Transcribe exactly the lines below that begin at the line with "Welcome home to" and stop after the line with "捷克首都布拉格(Prague", leaving out every picture.

Start of Block

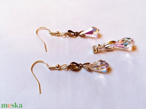 925 jelzett csiszolt kristály fülbevaló + medál szett könnycsepp forma
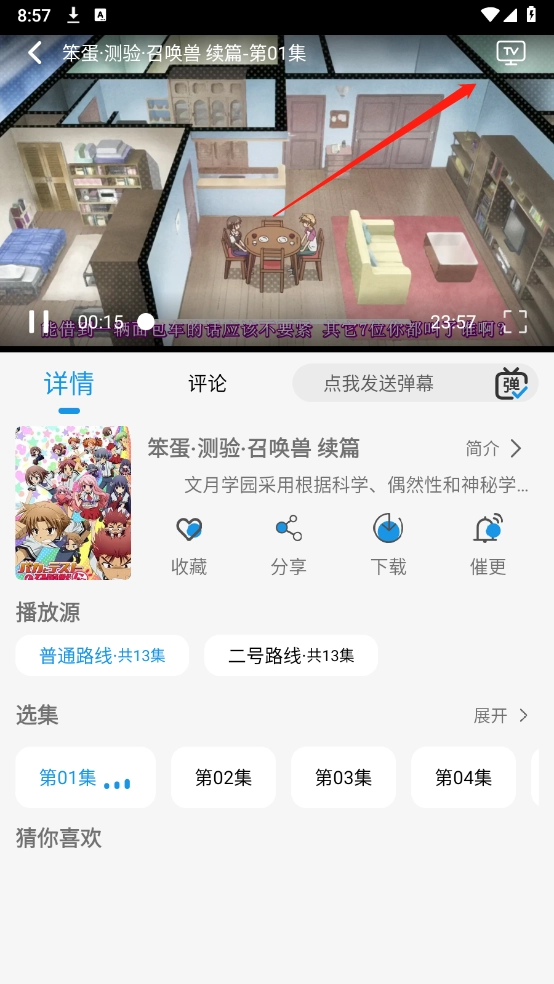 6、挑选好自己喜欢的动漫资源并打开,点击对应的集数就能开始观看了。
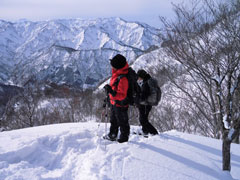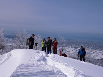 遙か彼方に初雪山。 かなり遠いと皆実感す。 |
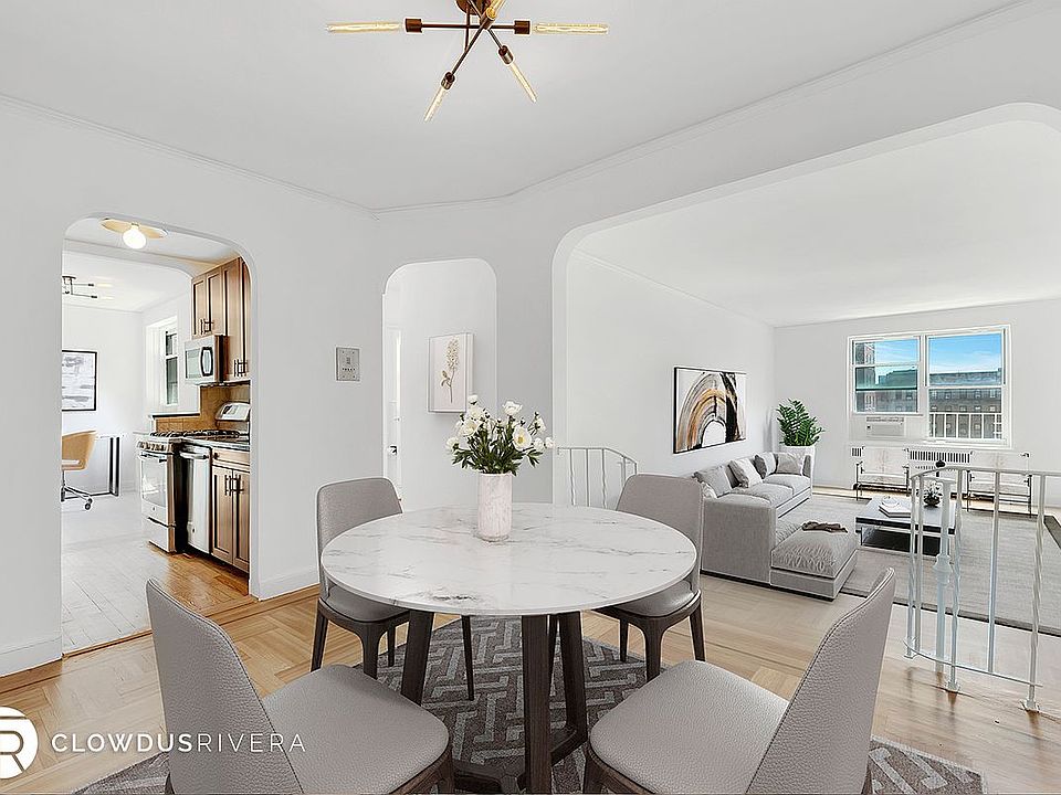 Welcome home to Residence 7A – a nicely-updated, Art Deco Junior-4 gem in the desirable 360 Cabrini Boulevard cooperative. Entering through the gracious dining foyer outfitted with two large closets, you’ll find a spacious and inviting one-bedroom, one-bathroom home with dining room—which may be converted to a nursery or home office. The handsome hardwood floors with original inlaid details were recently refinished throughout and the entire unit has been freshly painted, awaiting your designer touch. The bedroom sports a desirable dual exposure corner window making for a cozy reading nook. Speaking of windows, there are windows, windows everywhere: double width windows in the living room, bedroom, and home office – and even a windowed bathroom. Move right in and enjoy this loveliest of homes on the loveliest of Hudson Heights’ boulevards.
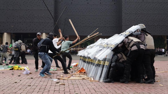 Dalam simulasi tersebut, diperagakan skenario unjuk rasa yang awalnya damai namun kemudian berubah menjadi ricuh.
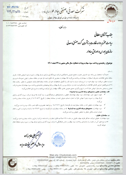 شرکت صنعتی و معدنی چادرملو از زمان پرداخت سود به سهامدارانش خبر داد.
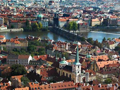 捷克首都布拉格(Prague),位于国境西部,座落在拉贝河支流伏尔塔瓦河两岸,人口121万,是一座美丽而古老的山城。伏尔塔瓦河像一条绿色的玉带,将城市分为两部分,沿河两岸陡立的山壁,渐渐消失在远方起伏的原野里。横跨在河上的10几座古老的和现代化的大桥,雄伟壮观,将城市两部分协调巧妙地联为一体。耸立在市区的伯特日娜山,乔木葱郁,风景秀丽,是一处环境幽雅的休息之地。
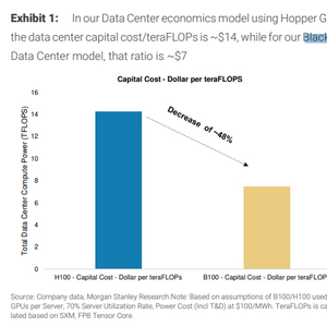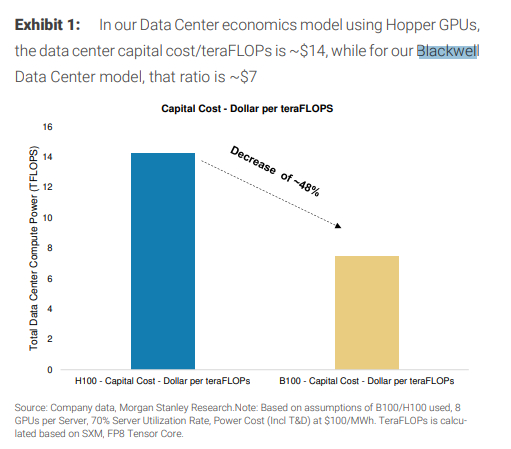 数据中心模型显示,使用Hopper GPU的数据中心每teraFLOPs(每秒万亿次浮点运算)资本成本为14.26美元,而Blackwell数据中心的成本为7.48美元,这意味着当从Hopper GPU升级到Blackwell GPU时,资本成本每teraFLOPs下降约50%。

End of Block

COMPLETED EXERCISE:
 Welcome home to Residence 7A – a nicely-updated, Art Deco Junior-4 gem in the desirable 360 Cabrini Boulevard cooperative. Entering through the gracious dining foyer outfitted with two large closets, you’ll find a spacious and inviting one-bedroom, one-bathroom home with dining room—which may be converted to a nursery or home office. The handsome hardwood floors with original inlaid details were recently refinished throughout and the entire unit has been freshly painted, awaiting your designer touch. The bedroom sports a desirable dual exposure corner window making for a cozy reading nook. Speaking of windows, there are windows, windows everywhere: double width windows in the living room, bedroom, and home office – and even a windowed bathroom. Move right in and enjoy this loveliest of homes on the loveliest of Hudson Heights’ boulevards.
 Dalam simulasi tersebut, diperagakan skenario unjuk rasa yang awalnya damai namun kemudian berubah menjadi ricuh.
 شرکت صنعتی و معدنی چادرملو از زمان پرداخت سود به سهامدارانش خبر داد.
 捷克首都布拉格(Prague),位于国境西部,座落在拉贝河支流伏尔塔瓦河两岸,人口121万,是一座美丽而古老的山城。伏尔塔瓦河像一条绿色的玉带,将城市分为两部分,沿河两岸陡立的山壁,渐渐消失在远方起伏的原野里。横跨在河上的10几座古老的和现代化的大桥,雄伟壮观,将城市两部分协调巧妙地联为一体。耸立在市区的伯特日娜山,乔木葱郁,风景秀丽,是一处环境幽雅的休息之地。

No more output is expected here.